Your objective:
Would it be possible to output exactly, and only, the lines below from the one holding "- Directions: Apply" to the last line, both included, with every picture left out?

Input data:
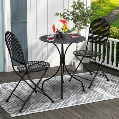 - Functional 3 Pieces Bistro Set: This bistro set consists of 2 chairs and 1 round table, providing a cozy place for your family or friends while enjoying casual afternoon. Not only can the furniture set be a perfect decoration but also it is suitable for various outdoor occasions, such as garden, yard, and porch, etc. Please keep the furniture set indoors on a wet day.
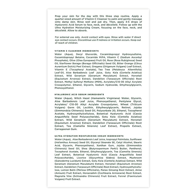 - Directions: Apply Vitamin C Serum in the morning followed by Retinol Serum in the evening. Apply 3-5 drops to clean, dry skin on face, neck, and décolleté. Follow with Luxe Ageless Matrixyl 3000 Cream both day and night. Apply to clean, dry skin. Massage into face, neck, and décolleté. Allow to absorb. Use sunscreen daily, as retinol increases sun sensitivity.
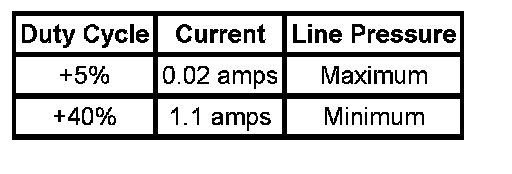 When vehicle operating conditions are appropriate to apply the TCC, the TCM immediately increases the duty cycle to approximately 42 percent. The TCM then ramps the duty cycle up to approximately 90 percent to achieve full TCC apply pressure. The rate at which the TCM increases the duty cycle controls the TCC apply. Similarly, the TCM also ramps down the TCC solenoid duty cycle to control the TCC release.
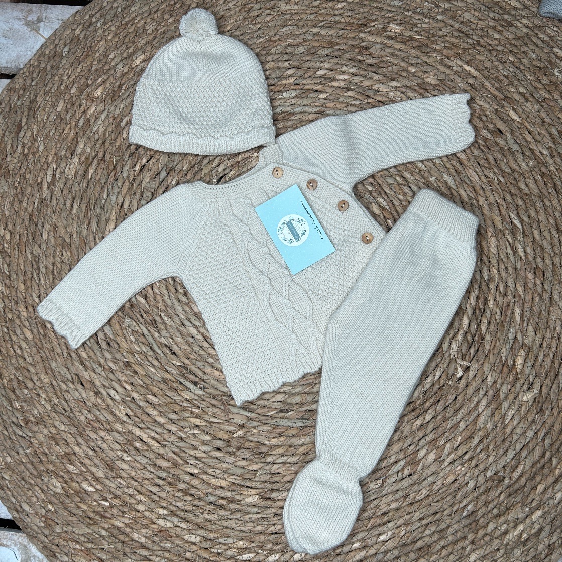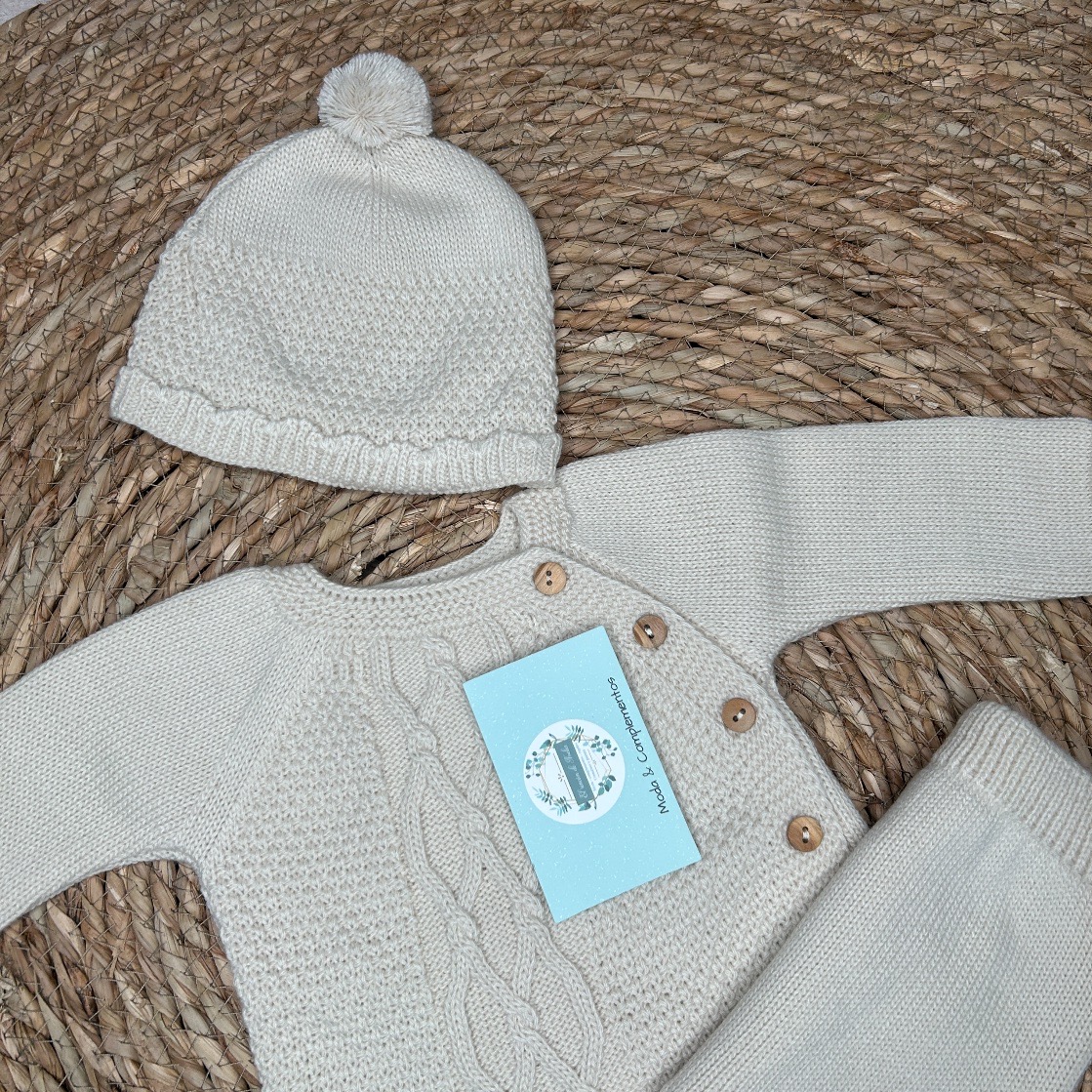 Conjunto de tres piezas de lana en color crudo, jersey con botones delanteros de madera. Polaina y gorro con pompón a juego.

Written answer:
 - Directions: Apply Vitamin C Serum in the morning followed by Retinol Serum in the evening. Apply 3-5 drops to clean, dry skin on face, neck, and décolleté. Follow with Luxe Ageless Matrixyl 3000 Cream both day and night. Apply to clean, dry skin. Massage into face, neck, and décolleté. Allow to absorb. Use sunscreen daily, as retinol increases sun sensitivity.
 When vehicle operating conditions are appropriate to apply the TCC, the TCM immediately increases the duty cycle to approximately 42 percent. The TCM then ramps the duty cycle up to approximately 90 percent to achieve full TCC apply pressure. The rate at which the TCM increases the duty cycle controls the TCC apply. Similarly, the TCM also ramps down the TCC solenoid duty cycle to control the TCC release.
 Conjunto de tres piezas de lana en color crudo, jersey con botones delanteros de madera. Polaina y gorro con pompón a juego.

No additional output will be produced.